L’artista, vincitore del Premio Cultura del Mediterraneo 2026, ha realizzato un lavoro traendo ispirazione dal testo rinascimentale Il Libro del Cortegiano
Il Maestro Emilio Isgrò ha realizzato un’opera destinata a lasciare una traccia indelebile nel panorama della grafica d’arte contemporanea. L’opera è il risultato di mesi di ricerca e sperimentazione sviluppati presso la 2RCABAU – Centro Internazionale della Grafica d’Arte. Un percorso creativo tenuto insieme grazie alla poetica di Emilio Isgrò, alla qualità tecnica della storica stamperia 2RC, e alla bravura degli studenti dell’Accademia di Belle Arti di Urbino.
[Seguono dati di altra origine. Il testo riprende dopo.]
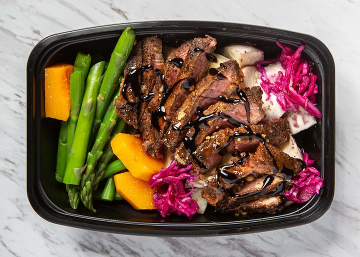 Un almuerzo o cena listo para comer con la proteína, las verduras orgánicas de temporada y los acompañamientos que vos quieras. Todo es sin gluten, sin aceite de semillas y podemos adaptarnos a cualquier restricción dietética.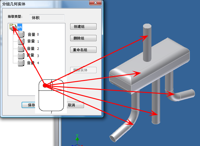 单击空气组,并从模型中选择这五个部件。

Il Maestro per realizzare l’opera si è ispirato a uno dei volumi preziosi del Medioevo: Il Libro del Cortegiano di Baldassar Castiglione, scritto nel 1544. Attraverso l’uso di acquatinta, acquaforte e fotoincisione sulle pagine del volume, Emilio Isgrò ha dato vita a un’opera grafica che rappresenta la più grande calcografia mai realizzata dall’autore.
Servendosi della cancellatura, alcune delle parole vengono oscurate in modo da lasciare ampio spazio a nuovi significati del testo. Come afferma Giorgio di Michele Marisi, direttore della galleria Sangallo Fine Art, Isgrò con questo stile invita tutti «a riflettere sul valore della cultura e sul modo in cui, attraverso nuovi linguaggi artistici, il passato continua a comunicare con il presente».
“Il Libro del Cortegiano” è stato realizzato in una tiratura limitata e d’élite. Di quest’opera sono presenti solo 36 esemplari. Una scelta che costituisce un importante valore aggiunto sotto il profilo collezionistico.
Il Premio Costa Smeralda ha scl il prestigioso Premio Cultura del Mediterraneo a Emilio Isgrò, protagonista assoluto dell’arte concettuale internazionale che ha saputo rivoluzionare il rapporto tra parola e immagine. Questo riconoscimento intende omaggiare un autore capace di trasfigurare le proprie radici siciliane in una riflessione universale, gettando ponti ideali tra le sponde del mare nostrum e le più complesse geografie mondiali.